Sur le terrain de la liberté de parole des « hommes de Dieu » (comme sur d’autres, et davantage encore), le projet de loi confortant le respect des principes de la République se situe en effet dans le droit fil d’une tradition bien antérieure à l’avènement de la République : celle d’un contrôle étroit exercé par l’État, au nom de l’ordre public, sur les activités religieuses.

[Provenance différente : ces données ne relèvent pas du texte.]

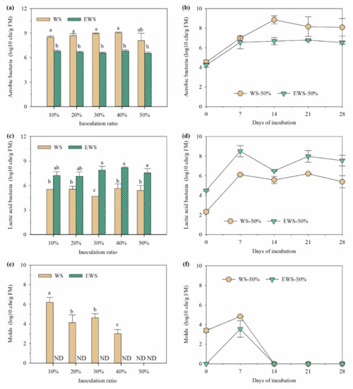 Figure 1 depicts the pH and culturable microorganisms in different treatments. The inoculation amount had no significant effect on the pH of EWSI after 28 days of incubation (p > 0.05), which ranged around 4.7 (Figure 1a). For the control treatment, the decreased pH was only observed in substrates with 50% inoculation (p < 0.05). Unlike other aerobic microorganisms, WRF can produce organic acids and some other active chemicals to inhibit most coexisting microorganisms, so the pH of substrates is an important index to evaluate WRF growth [23,27]. In this study, pH variations reflect that ensiling promotes the proliferation of I. lacteus in WS, consistent with previous reports [23,24].

[1] Article 1er des Articles organiques ajoutés au Concordat (loi du 18 germinal an X) : « Aucune bulle, bref, rescrit, décret, mandat, provision, signature servant de provision, ni aucunes autres expéditions de la cour de Rome, même ne concernant que les particuliers, ne pourront être reçus, publiés, imprimés, ni autrement mis à exécution, sans l’autorisation du gouvernement ».
[2] Article 4 des Articles organiques des cultes protestants (loi du 18 germinal an X).
[3] A. Briand, Rapport du 4 mars 1905 au nom de la Commission relative à la séparation des Églises et de l’État, p. 339.
[4] Cass. crim. 17 mai 1907, Abbé Jouin, D. 1907, I, pp. 273-275.
[5] Trib. corr. de Bordeaux, 22 juillet 1909, Min. pub. c. Cardinal Andrieu, D. 1911, II, pp. 10-12.
[6] CA Agen, 4 août 1909, Min. pub. c. Laurans, évêque de Cahors, D. 1911, II, pp. 12-14, puis Cass. crim., 7 juillet 1910, D. 1911, I, p. 16.
[7] Cass. crim. 17 mai 1907, Abbé Jouin, préc.
[8] Proposition de loi constitutionnelle visant à garantir la prééminence des lois de la République, adoptée le 19 octobre 2020.